Available records:
━━━

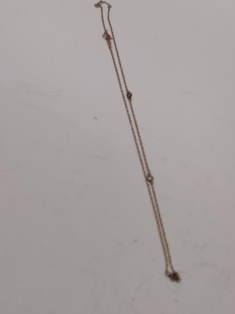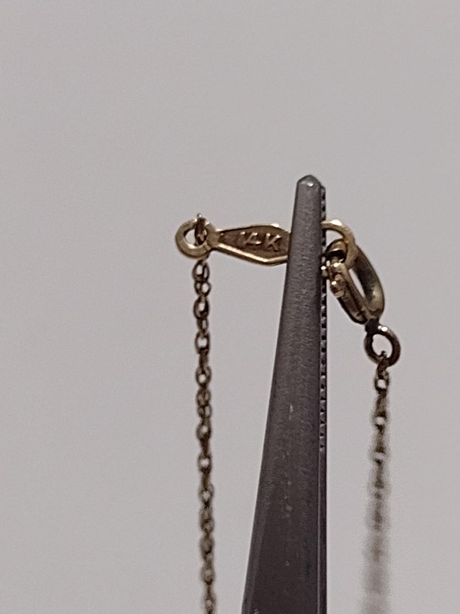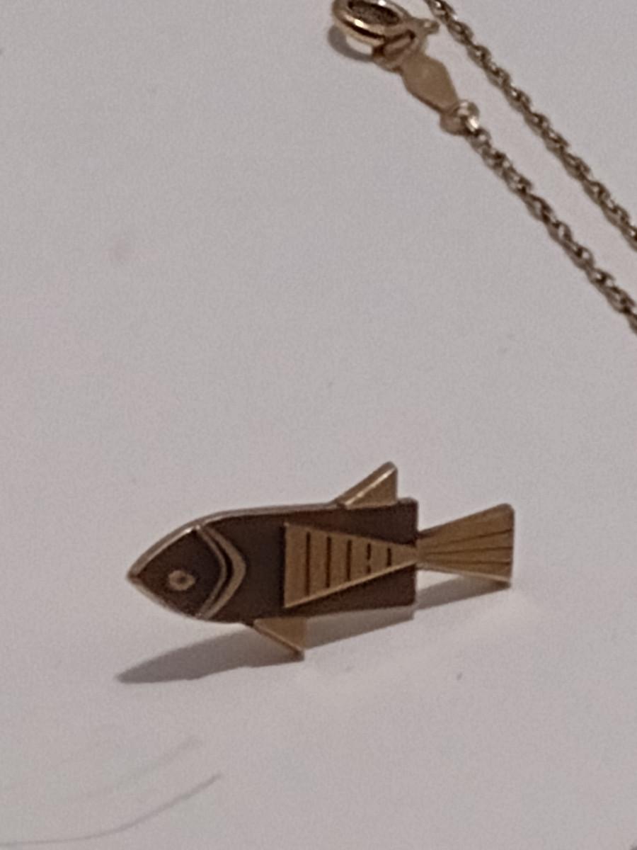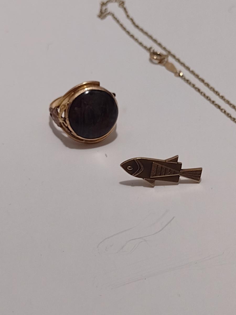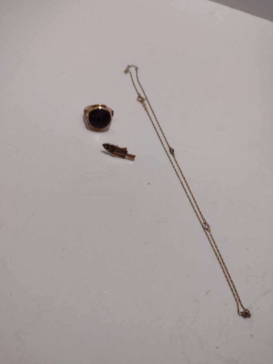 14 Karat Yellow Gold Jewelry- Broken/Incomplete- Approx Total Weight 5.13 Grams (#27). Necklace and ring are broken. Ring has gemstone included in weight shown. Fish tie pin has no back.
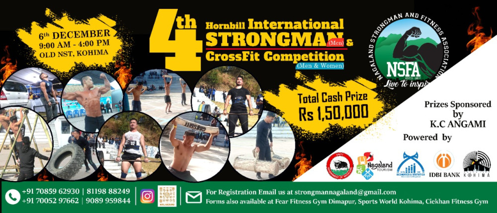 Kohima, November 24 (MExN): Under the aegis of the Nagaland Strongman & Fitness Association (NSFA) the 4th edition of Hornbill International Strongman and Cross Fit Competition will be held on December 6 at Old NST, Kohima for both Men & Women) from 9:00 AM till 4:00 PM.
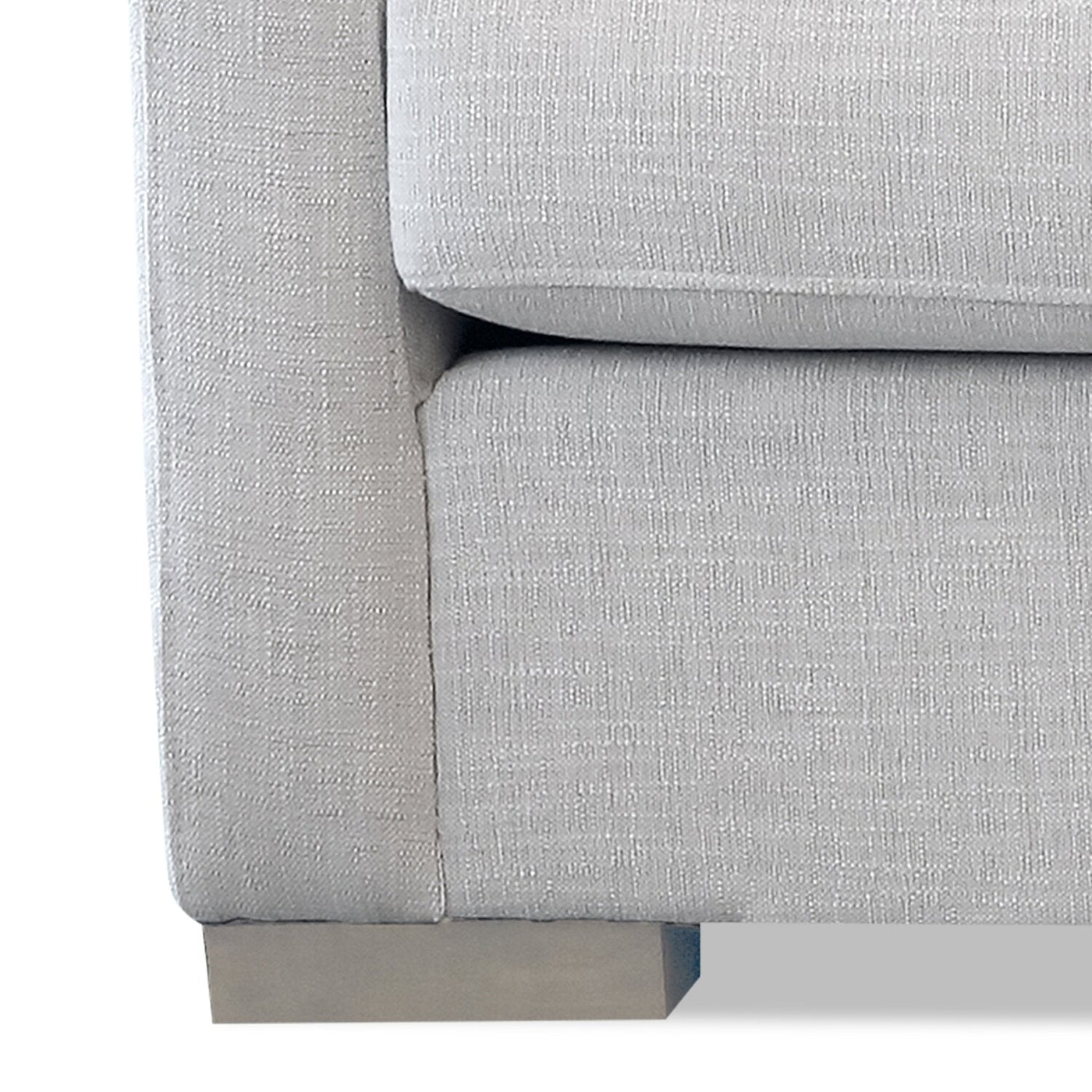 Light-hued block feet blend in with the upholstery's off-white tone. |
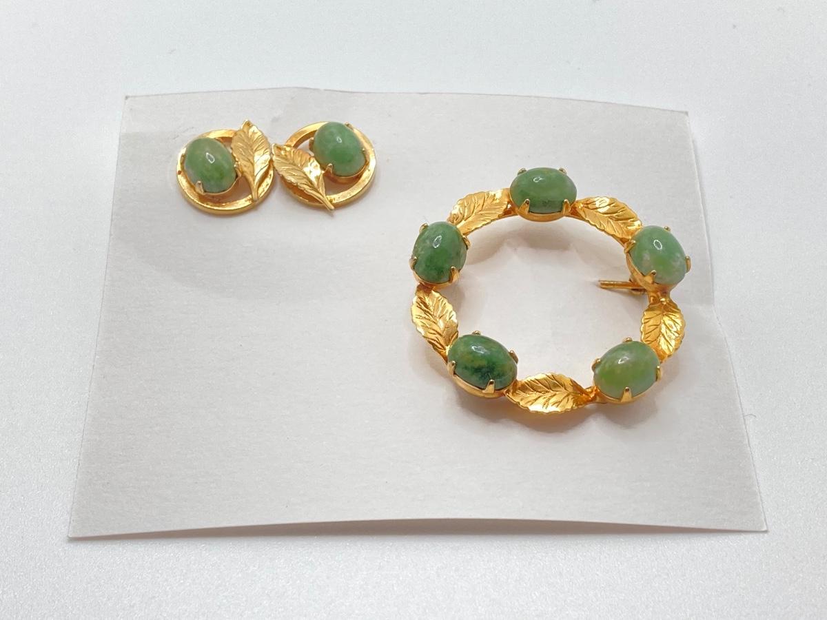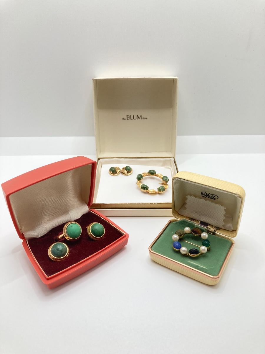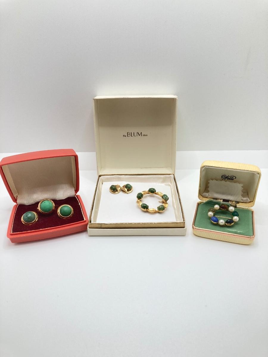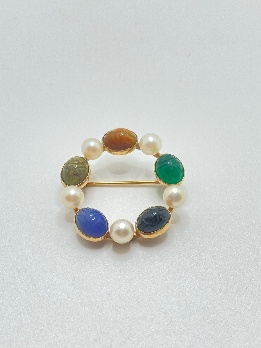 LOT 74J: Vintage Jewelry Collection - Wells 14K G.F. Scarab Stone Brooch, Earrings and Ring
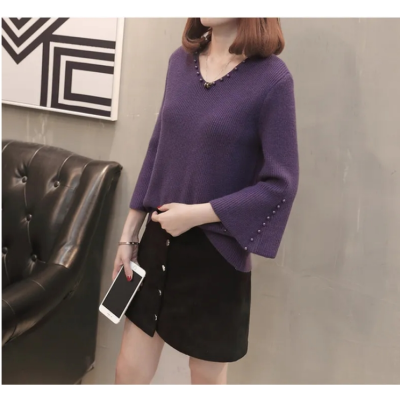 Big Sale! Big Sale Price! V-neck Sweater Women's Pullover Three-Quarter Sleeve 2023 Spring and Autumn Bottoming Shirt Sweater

━━━

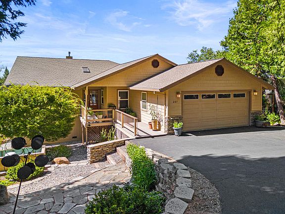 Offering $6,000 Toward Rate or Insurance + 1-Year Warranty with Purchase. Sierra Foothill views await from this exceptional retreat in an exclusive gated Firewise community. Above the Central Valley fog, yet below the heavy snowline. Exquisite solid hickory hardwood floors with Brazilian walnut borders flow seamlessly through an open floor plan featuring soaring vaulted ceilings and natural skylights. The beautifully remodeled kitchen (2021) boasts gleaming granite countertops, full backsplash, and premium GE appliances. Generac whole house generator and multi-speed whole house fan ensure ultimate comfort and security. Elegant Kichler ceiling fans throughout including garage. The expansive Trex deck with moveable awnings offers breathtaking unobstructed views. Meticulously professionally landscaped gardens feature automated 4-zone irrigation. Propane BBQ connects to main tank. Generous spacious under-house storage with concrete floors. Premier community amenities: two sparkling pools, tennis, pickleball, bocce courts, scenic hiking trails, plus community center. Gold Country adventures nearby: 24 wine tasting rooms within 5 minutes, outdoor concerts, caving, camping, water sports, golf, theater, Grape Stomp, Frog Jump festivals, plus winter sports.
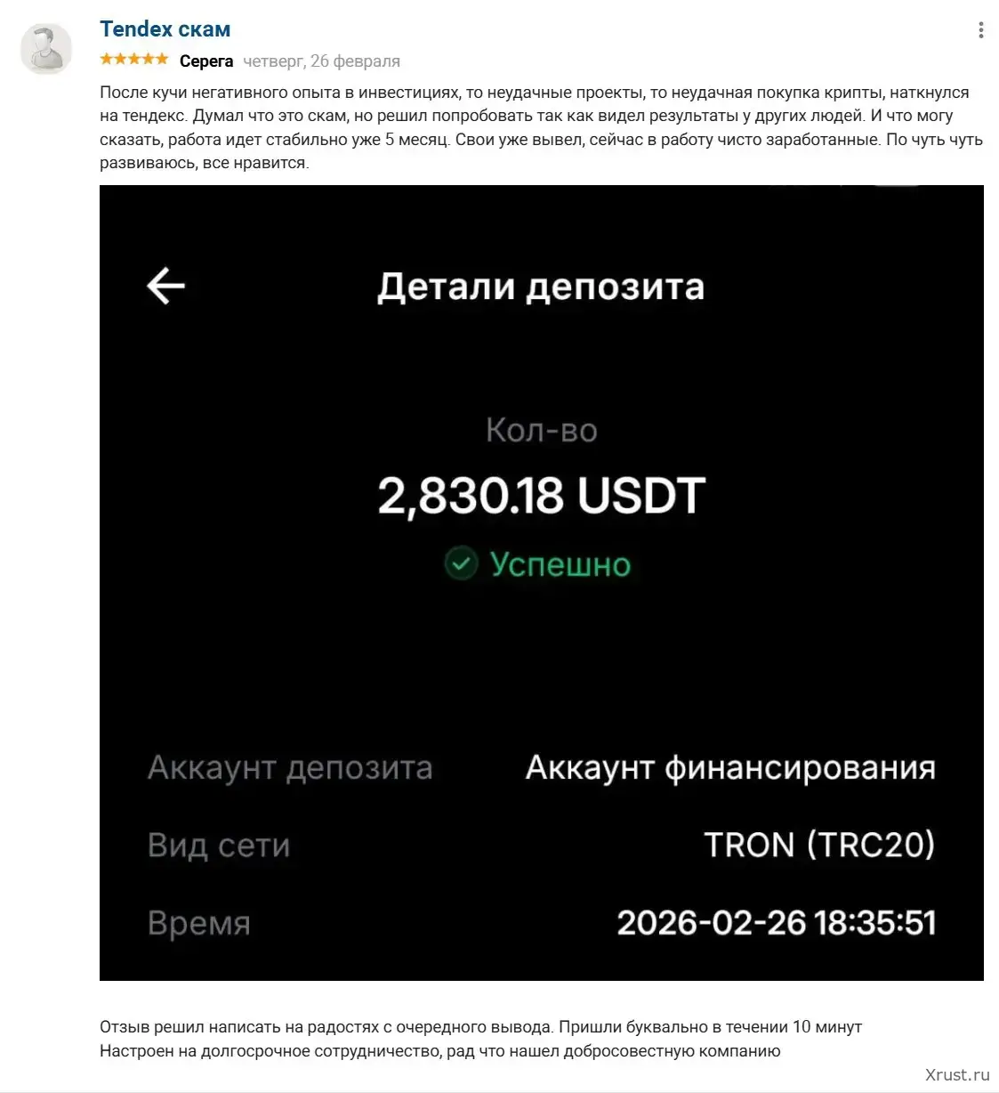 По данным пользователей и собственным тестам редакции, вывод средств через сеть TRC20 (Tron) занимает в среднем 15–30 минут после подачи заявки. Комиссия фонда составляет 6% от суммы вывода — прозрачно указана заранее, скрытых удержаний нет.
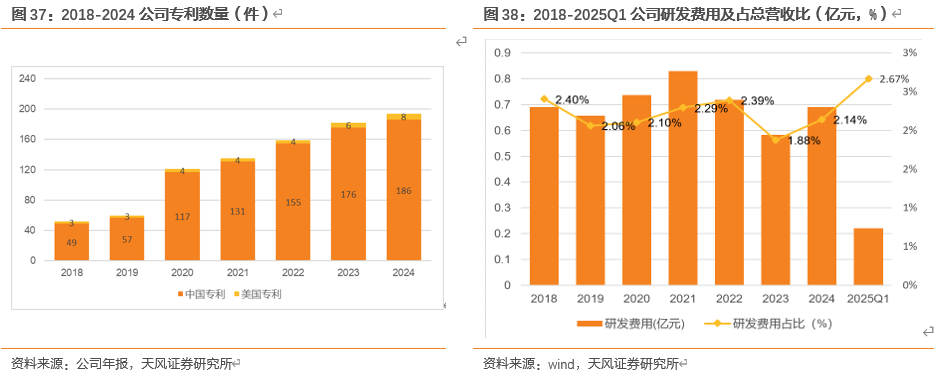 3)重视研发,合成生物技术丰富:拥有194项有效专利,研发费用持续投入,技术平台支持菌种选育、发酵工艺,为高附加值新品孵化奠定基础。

━━━

What the exercise asks: What should come back is an exact copy of the lines above from the line with "LOT 74J: Vintage" to the line with "Big Sale! Big", both included, minus the pictures.

Finished task:
 LOT 74J: Vintage Jewelry Collection - Wells 14K G.F. Scarab Stone Brooch, Earrings and Ring
 Big Sale! Big Sale Price! V-neck Sweater Women's Pullover Three-Quarter Sleeve 2023 Spring and Autumn Bottoming Shirt Sweater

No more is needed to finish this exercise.